Entries shown.

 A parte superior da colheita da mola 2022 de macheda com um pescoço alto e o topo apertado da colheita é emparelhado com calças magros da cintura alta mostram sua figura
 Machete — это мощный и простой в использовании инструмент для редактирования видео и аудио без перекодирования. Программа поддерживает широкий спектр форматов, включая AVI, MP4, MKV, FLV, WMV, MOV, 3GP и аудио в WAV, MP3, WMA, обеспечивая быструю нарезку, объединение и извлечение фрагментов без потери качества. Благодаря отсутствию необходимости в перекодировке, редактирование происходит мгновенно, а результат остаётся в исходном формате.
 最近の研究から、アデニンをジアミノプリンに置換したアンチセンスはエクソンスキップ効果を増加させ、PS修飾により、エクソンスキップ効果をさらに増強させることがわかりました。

--

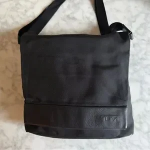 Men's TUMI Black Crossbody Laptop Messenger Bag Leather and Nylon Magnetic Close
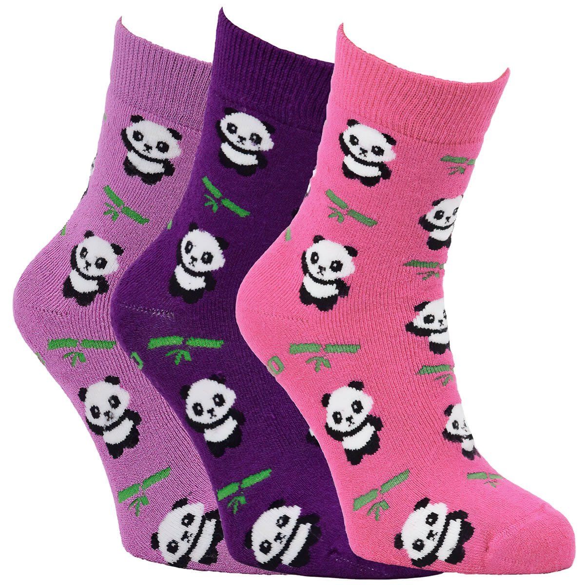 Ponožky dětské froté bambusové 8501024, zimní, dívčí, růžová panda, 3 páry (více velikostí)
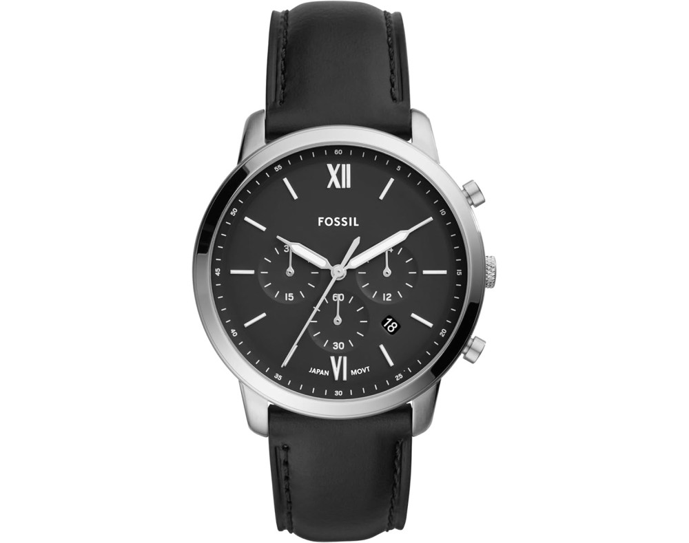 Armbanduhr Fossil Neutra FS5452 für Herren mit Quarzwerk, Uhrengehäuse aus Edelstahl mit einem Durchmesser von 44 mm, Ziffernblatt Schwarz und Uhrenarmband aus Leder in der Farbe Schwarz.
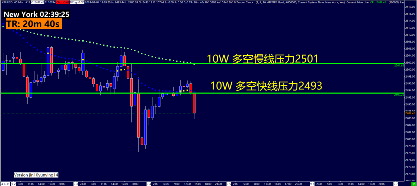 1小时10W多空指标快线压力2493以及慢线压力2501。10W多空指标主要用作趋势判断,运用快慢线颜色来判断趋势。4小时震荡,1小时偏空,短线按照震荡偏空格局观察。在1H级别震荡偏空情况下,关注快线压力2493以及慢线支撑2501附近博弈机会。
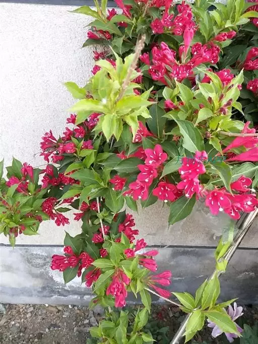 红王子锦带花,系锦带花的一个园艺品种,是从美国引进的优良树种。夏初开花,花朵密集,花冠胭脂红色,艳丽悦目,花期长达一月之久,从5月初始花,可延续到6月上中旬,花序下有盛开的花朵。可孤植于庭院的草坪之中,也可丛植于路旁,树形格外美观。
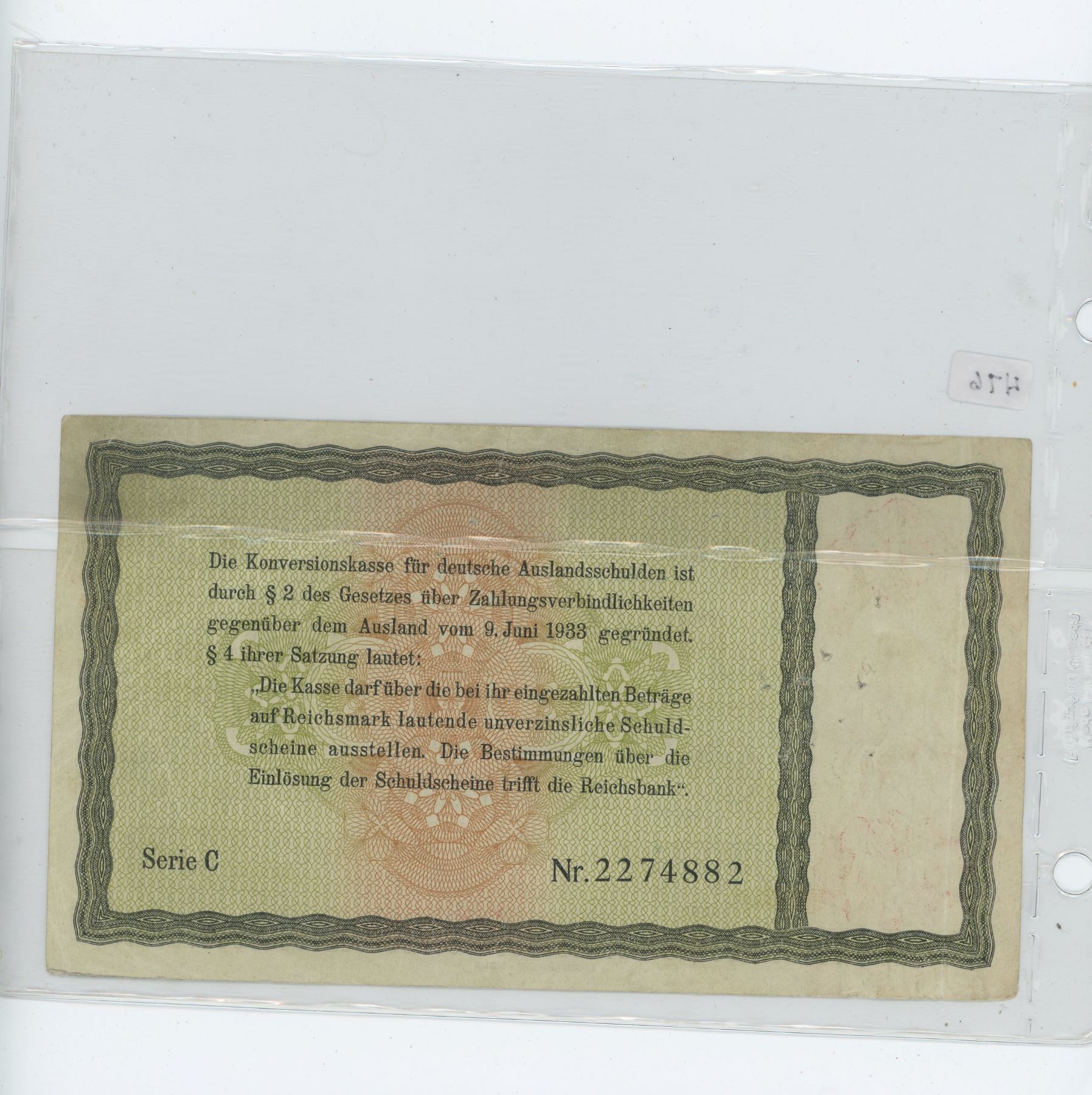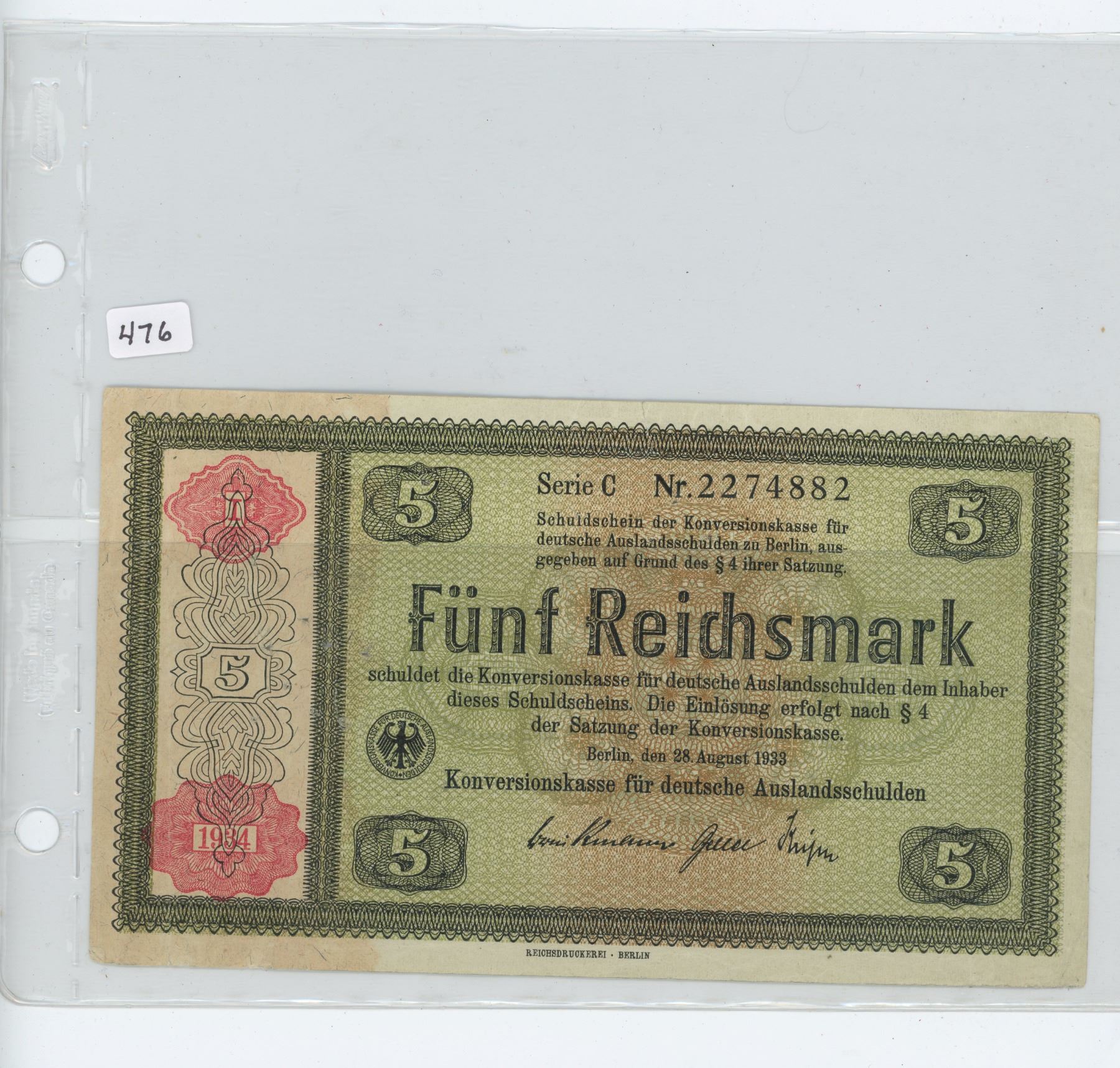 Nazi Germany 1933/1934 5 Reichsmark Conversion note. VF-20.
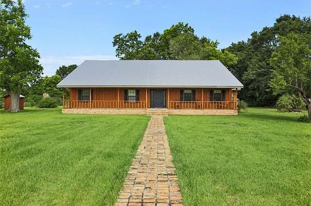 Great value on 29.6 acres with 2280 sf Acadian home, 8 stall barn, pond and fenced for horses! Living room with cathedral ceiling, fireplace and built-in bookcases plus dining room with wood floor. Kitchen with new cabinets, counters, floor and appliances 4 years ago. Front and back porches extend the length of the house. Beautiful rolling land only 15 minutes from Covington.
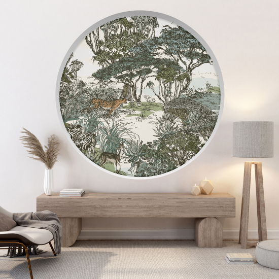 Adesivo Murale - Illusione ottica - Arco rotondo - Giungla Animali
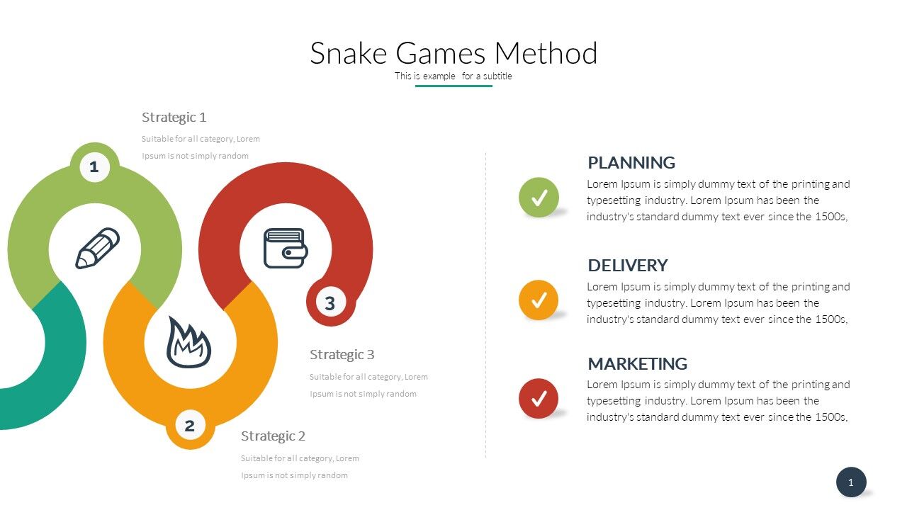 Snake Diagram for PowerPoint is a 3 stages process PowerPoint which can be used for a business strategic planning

Activity.
Please transcribe only the lines in the records above running from the line that has "A parte superior" through the line that has "最近の研究から、アデニンをジ", both included, exactly as they appear.

Task output.
 A parte superior da colheita da mola 2022 de macheda com um pescoço alto e o topo apertado da colheita é emparelhado com calças magros da cintura alta mostram sua figura
 Machete — это мощный и простой в использовании инструмент для редактирования видео и аудио без перекодирования. Программа поддерживает широкий спектр форматов, включая AVI, MP4, MKV, FLV, WMV, MOV, 3GP и аудио в WAV, MP3, WMA, обеспечивая быструю нарезку, объединение и извлечение фрагментов без потери качества. Благодаря отсутствию необходимости в перекодировке, редактирование происходит мгновенно, а результат остаётся в исходном формате.
 最近の研究から、アデニンをジアミノプリンに置換したアンチセンスはエクソンスキップ効果を増加させ、PS修飾により、エクソンスキップ効果をさらに増強させることがわかりました。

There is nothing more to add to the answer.